In a study published this month (July 2025) in the journal Nature , the researchers found that cancer cells steal fat-packed molecules from the bloodstream, allowing them to arm themselves with a potent antioxidant that shields them from death.
Tumours appear to do this by reeling in lipoproteins – mole-cules that carry fats and fat-soluble nutrients like vitamin E in the bloodstream – through sugar-coated molecules on their cell surface.
These sulphated glycosaminoglycans (GAGs) allow cancer cells to fortify their cell membranes with vitamin E and avoid a form of cell death called ferroptosis.

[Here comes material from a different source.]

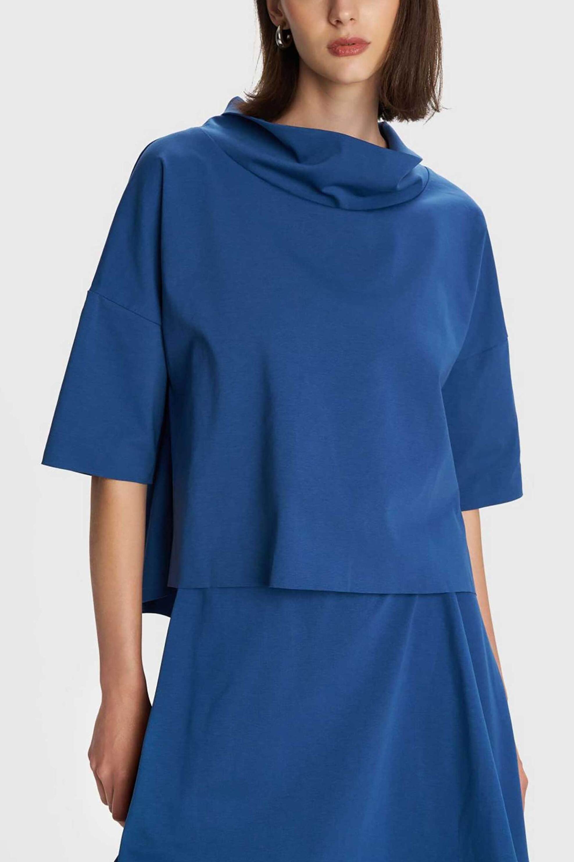 Γυναικεία μπλούζα. Μονόχρωμη. Ασύμμετρο τελείωμα. Ψηλός λαιμός. Κοντό μανίκι. Προέλευση: Ιταλία. 52% βαμβάκι, 40% nylon, 8% elastane Το μοντέλο έχει ύψος 179 cm και φοράει μέγεθος S. AXF Α.Ε. ΕΝΔΥΜΑΤΩΝ ΥΦΑΣΜΑΤΩΝ

Though clinical applications are still a way off, the study underscores how understanding cancer's metabolism could open new doors for treatment, said Northwestern University's Feinberg School of Medicine associate professor of urology Dr Shad Thaxton, who was not involved in the study.

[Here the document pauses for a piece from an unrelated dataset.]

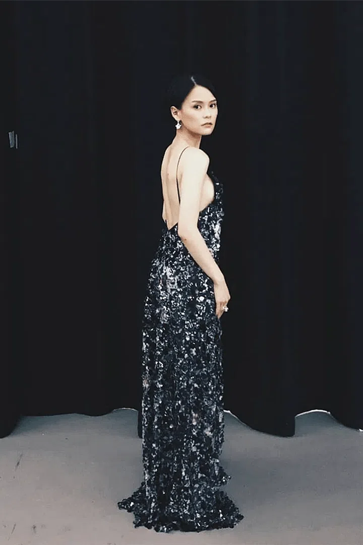 林慧玲身着一袭Alexander McQueen 2021 春季系列中的黑色修身晚礼服亮丽登场,裙子的颈间处绣有立体的珍珠和水晶点缀,身后则是性感迷人的露背设计,展现优雅女人的大方与精致。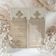 This wedding invitation is a tribute to exquisite Islamic architecture, featuring a magnificent arch as a symbolic entrance to a joyful union. The design is a splendid tapestry of cream and taupe hues, accented with the elegance of an alabaster calligraphy emblem at the pinnacle of the arch. Chevron columns in subtle shades of oat and khaki frame the architectural marvel, while a background of wheat and beige provides a canvas that speaks of timeless class. The swirling arabesque and floral patterns in ivory and flecks of gold leaf celebrate a rich heritage, making this invitation a portal to the couple's new beginning in a style that honours the past and embraces the future.

'I think this paper and others in the field (emphasise) the appreciation for ferroptosis as a mechanism to kill cancer cells – that mechanism of cell death is so intimately intertwined with cell metabolism,' he said.
'I think what's interesting for people is that metabolism has a really big impact on the potential vulnerability of cancer cells to specific therapies.'
Why cancer cells need fat
Cancers rewire their metabolism in ways that support their growing horde of destructive cells.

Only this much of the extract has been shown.